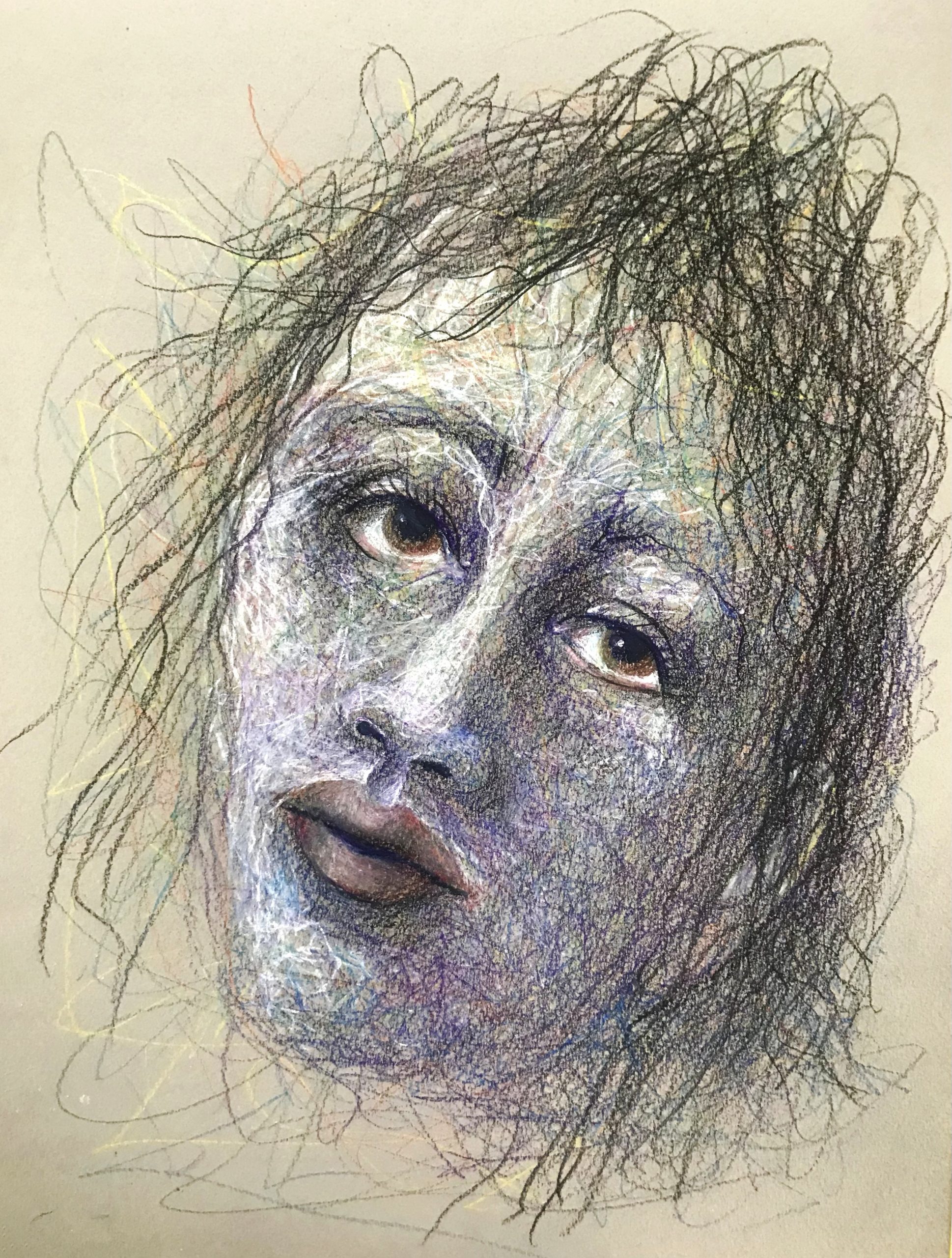 Continuous line scribble drawing on Daler Rowney pastel paper, using Derwent crayons
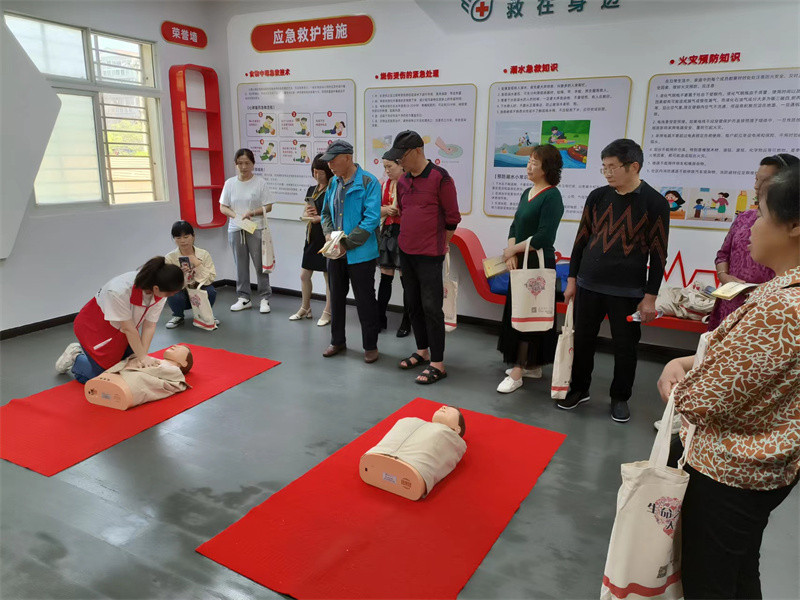 活動現場,紅十字會應急救護師資針對社區留守老人多的特點,結合專業的醫學知識、豐富的救護經驗和日常生活中的救護誤區,用通俗易懂的語言向居民介紹了心肺復蘇、異物梗阻急救等知識,借助人體模型耐心指導居民進行實際操作練習,掌握急救要領。
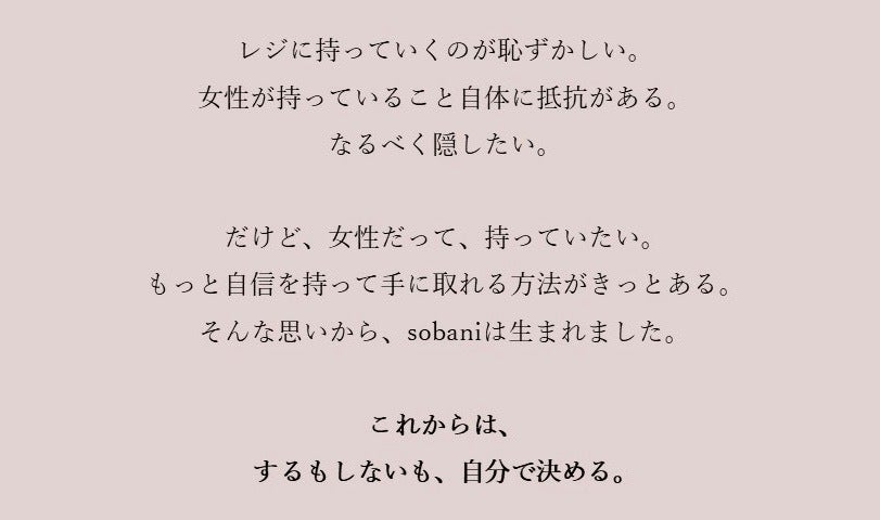 コンドーム に関し、フランクに会話できるカルチャーをつくっていきたいと言えど、突然「コンドーム 」と書かれた宅配便が届くのに抵抗を感じる方も多いと思います。sobaniのリターン発送時に品名を記載する際には「化粧品」と記載いたしますので、ご安心ください。sobaniはこれからも、皆様のそばに寄り添う存在でありたいと思っています。
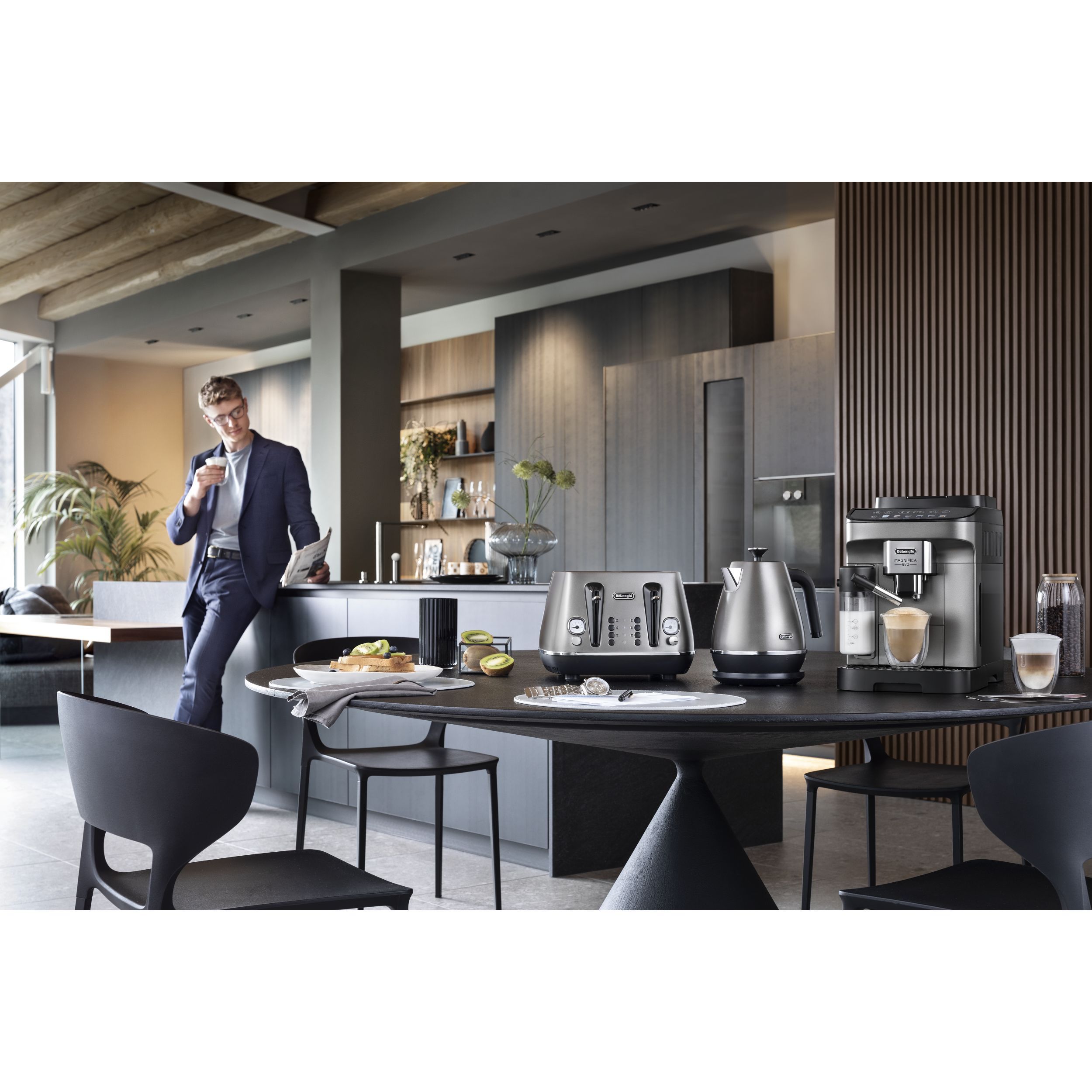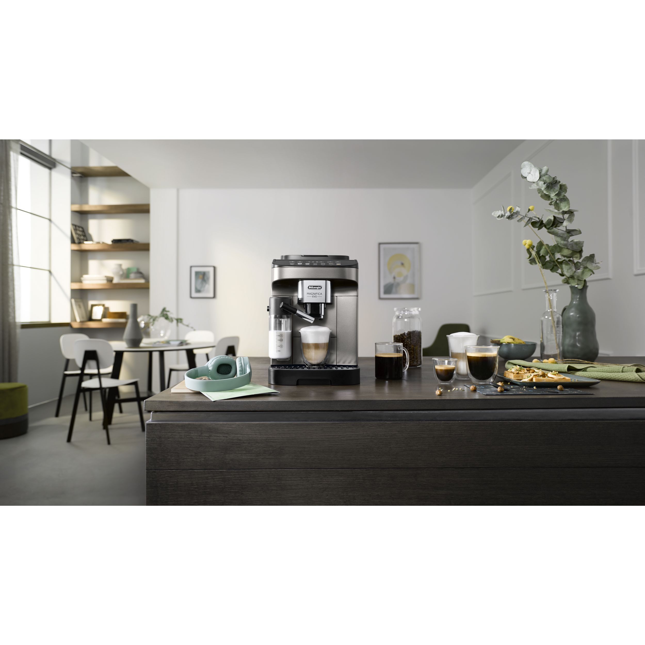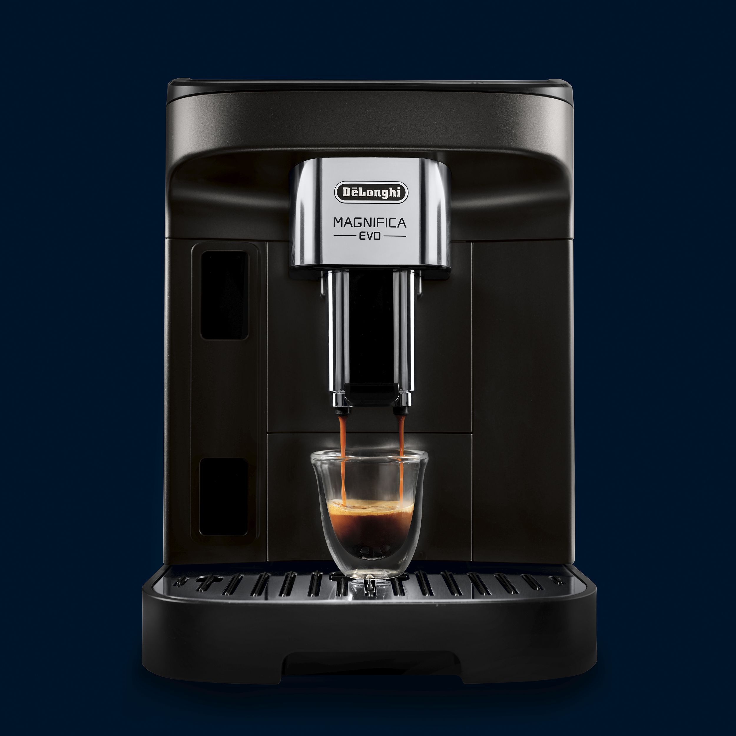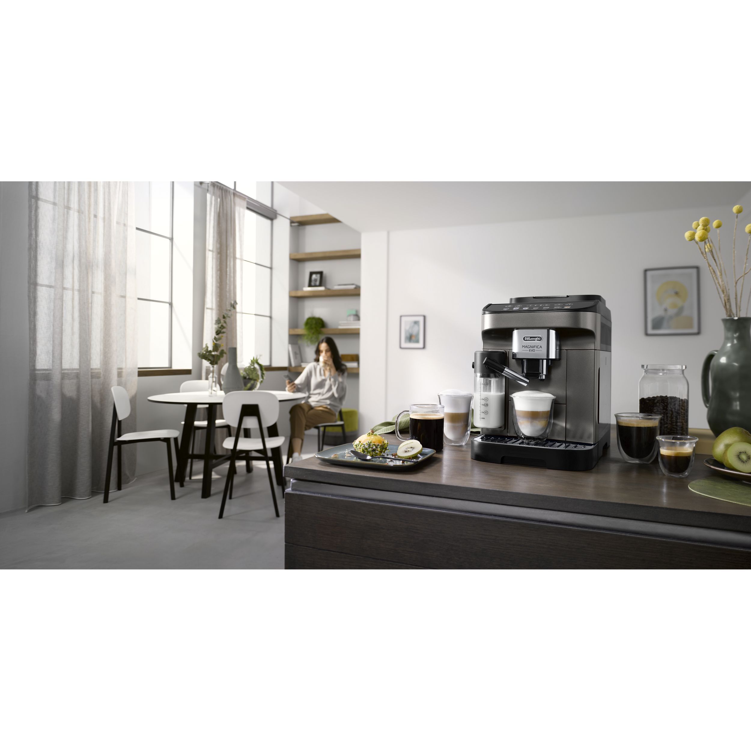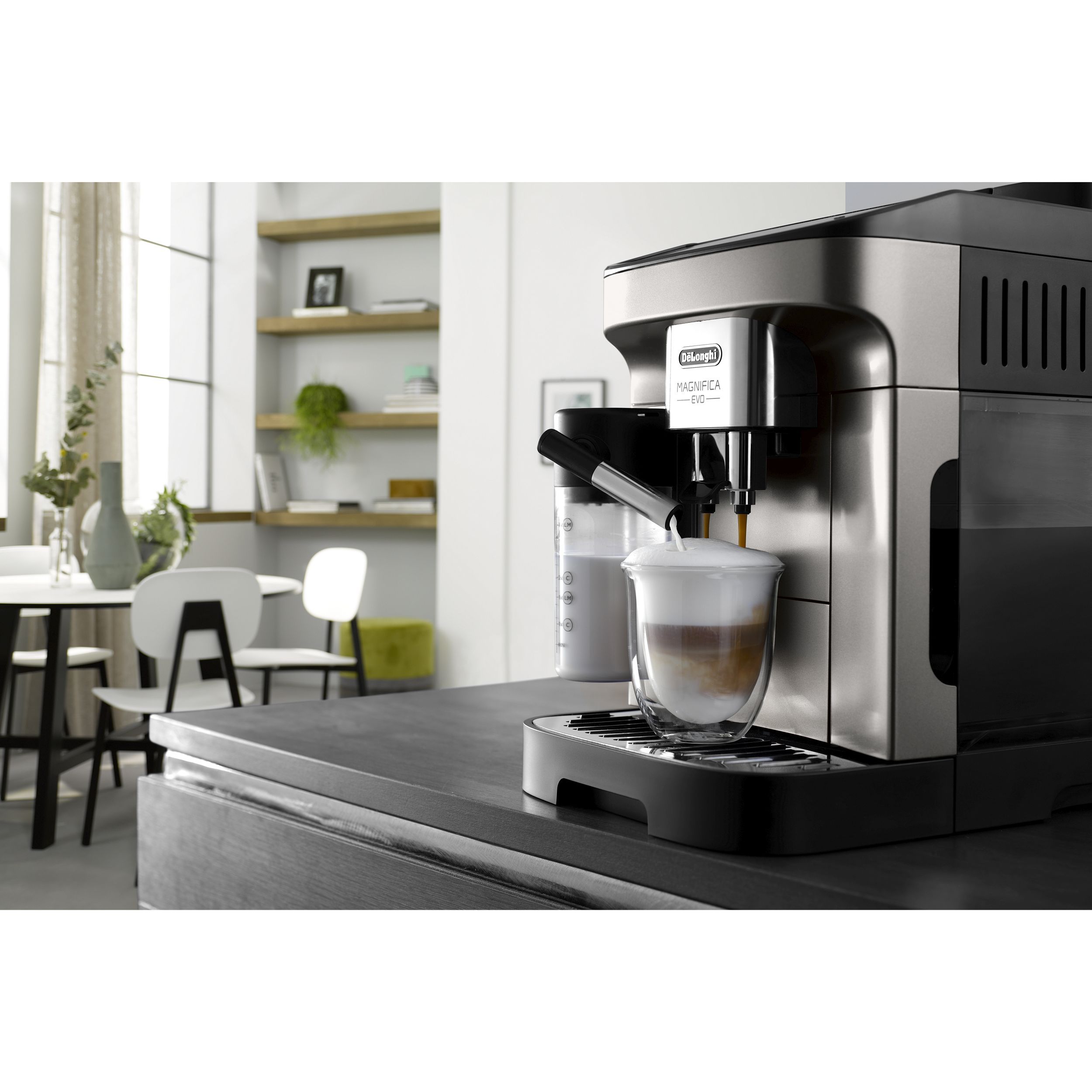 Magnifica Evo întruchipează experiența De'Longhi cu tehnologia sa avansată, băuturile autentice și designul modern elegant. Savurați espressoul italian perfect și o varietate de alte băuturi, completate cu spumă de lapte cremoasă datorită tehnologiei LatteCrema Hot și fără risipă de lapte, folosind funcția MyLatte. Puteți alege dintre 7 băuturi, cu o singură atingere, prin intermediul interfeței simple de utilizare.
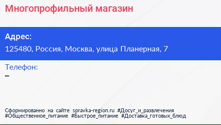 Многопрофильный магазин по адресу 125480, Россия, Москва, улица Планерная, 7 в дальнейшем Организация, размещена в следующих категориях:
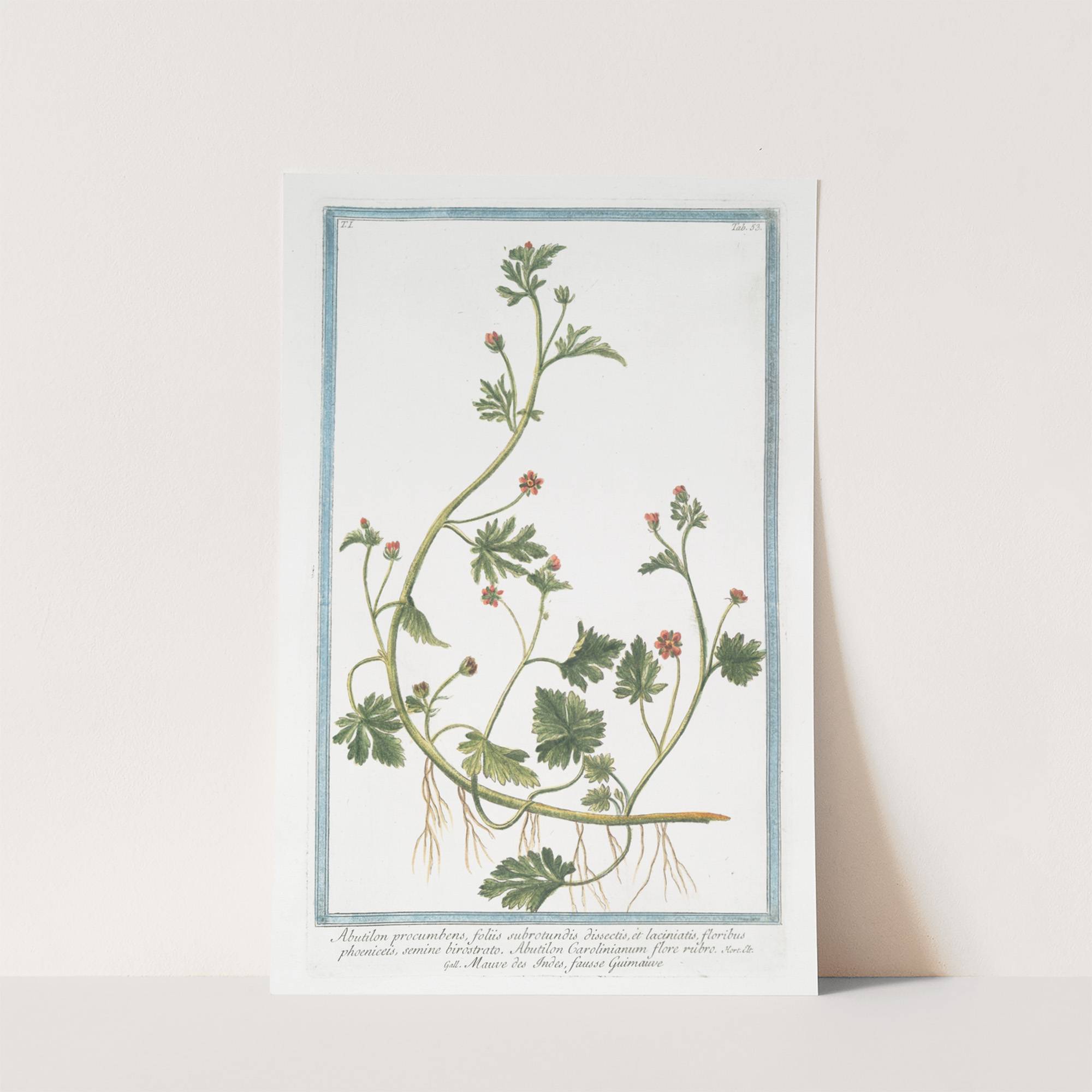 Abutilon procumbens, foliis subrotundis dissectis, et laciniatis, floribus phoeniceis, semine birostrato. Abutilon Carolinianum flore rubro – Mauve des Indes, fausse Guimmauve by Giorgio Bonelli - Wall Art Print
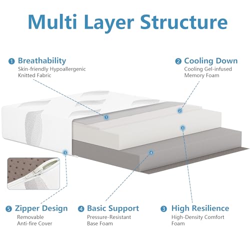 - Construction: Features a three-layer memory foam structure including 1โ cooling gel memory foam, 3.5โ high-density comfort foam, and a 5.5โ support base foam for balanced support.
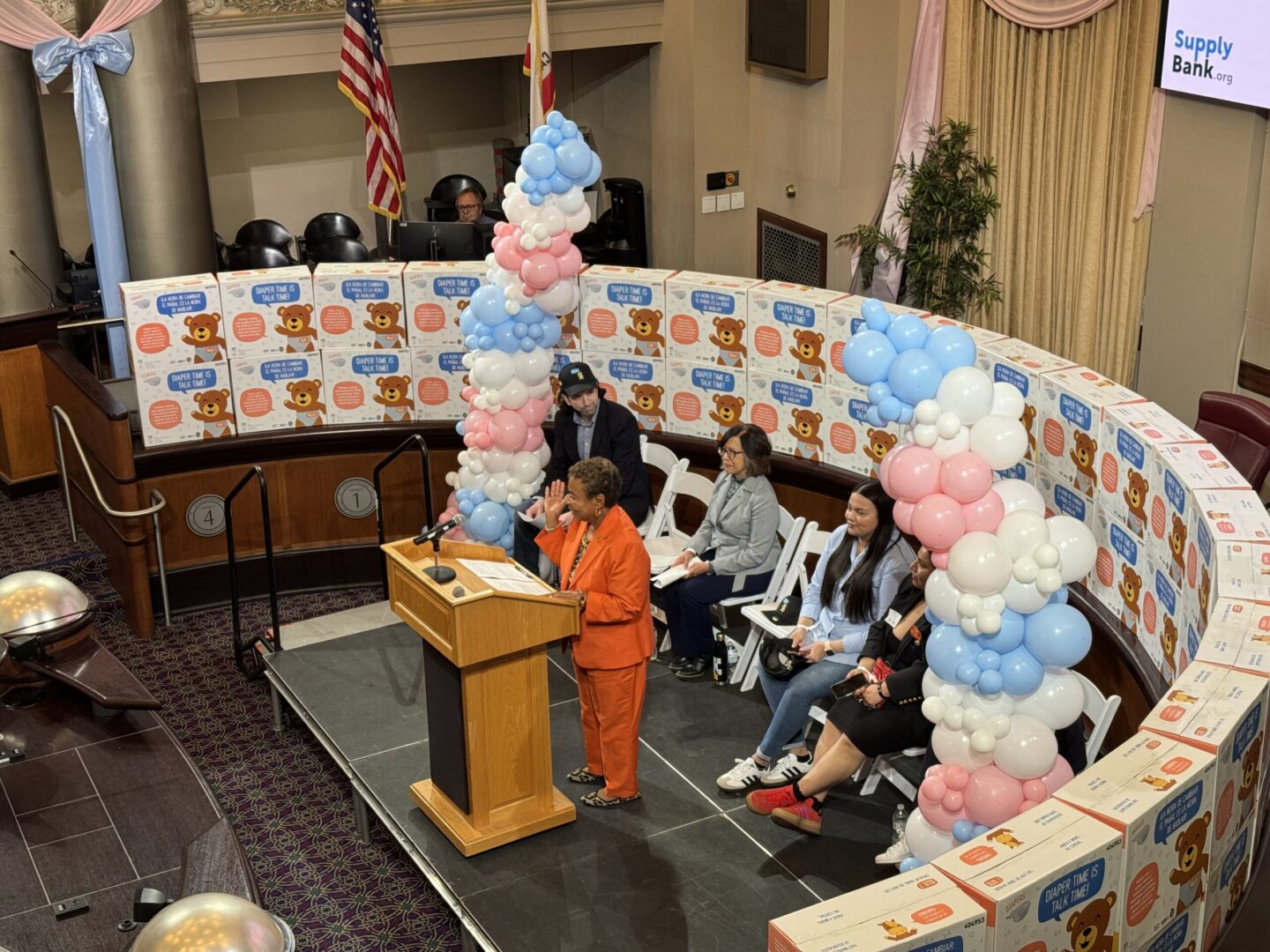 Oakland, CA (February 23, 2026) — At a time when rising costs are placing unprecedented strain on families with young children, SupplyBank.org marked its 10th anniversary as a diaper bank by launching a new partnership with Too Small to Fail, the early childhood initiative of the Clinton Foundation. At a ribbon- and balloon-filled City Hall Rotunda, the organizations introduced an exclusive new line of diapers and wipes designed to address diaper need while supporting early brain and language development.
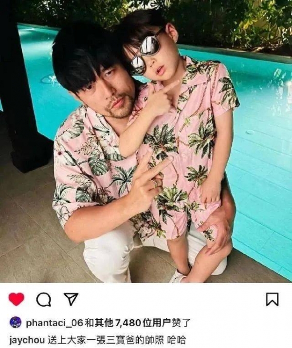 逼得周杰伦赶紧又发了一条跟儿子的照片,自称"三宝爸"化解风波。
■ ■ ■ ■
The entries above should be written out in full, and any picture in them left out.

 Continuous line scribble drawing on Daler Rowney pastel paper, using Derwent crayons
 活動現場,紅十字會應急救護師資針對社區留守老人多的特點,結合專業的醫學知識、豐富的救護經驗和日常生活中的救護誤區,用通俗易懂的語言向居民介紹了心肺復蘇、異物梗阻急救等知識,借助人體模型耐心指導居民進行實際操作練習,掌握急救要領。
 コンドーム に関し、フランクに会話できるカルチャーをつくっていきたいと言えど、突然「コンドーム 」と書かれた宅配便が届くのに抵抗を感じる方も多いと思います。sobaniのリターン発送時に品名を記載する際には「化粧品」と記載いたしますので、ご安心ください。sobaniはこれからも、皆様のそばに寄り添う存在でありたいと思っています。
 Magnifica Evo întruchipează experiența De'Longhi cu tehnologia sa avansată, băuturile autentice și designul modern elegant. Savurați espressoul italian perfect și o varietate de alte băuturi, completate cu spumă de lapte cremoasă datorită tehnologiei LatteCrema Hot și fără risipă de lapte, folosind funcția MyLatte. Puteți alege dintre 7 băuturi, cu o singură atingere, prin intermediul interfeței simple de utilizare.
 Многопрофильный магазин по адресу 125480, Россия, Москва, улица Планерная, 7 в дальнейшем Организация, размещена в следующих категориях:
 Abutilon procumbens, foliis subrotundis dissectis, et laciniatis, floribus phoeniceis, semine birostrato. Abutilon Carolinianum flore rubro – Mauve des Indes, fausse Guimmauve by Giorgio Bonelli - Wall Art Print
 - Construction: Features a three-layer memory foam structure including 1โ cooling gel memory foam, 3.5โ high-density comfort foam, and a 5.5โ support base foam for balanced support.
 Oakland, CA (February 23, 2026) — At a time when rising costs are placing unprecedented strain on families with young children, SupplyBank.org marked its 10th anniversary as a diaper bank by launching a new partnership with Too Small to Fail, the early childhood initiative of the Clinton Foundation. At a ribbon- and balloon-filled City Hall Rotunda, the organizations introduced an exclusive new line of diapers and wipes designed to address diaper need while supporting early brain and language development.
 逼得周杰伦赶紧又发了一条跟儿子的照片,自称"三宝爸"化解风波。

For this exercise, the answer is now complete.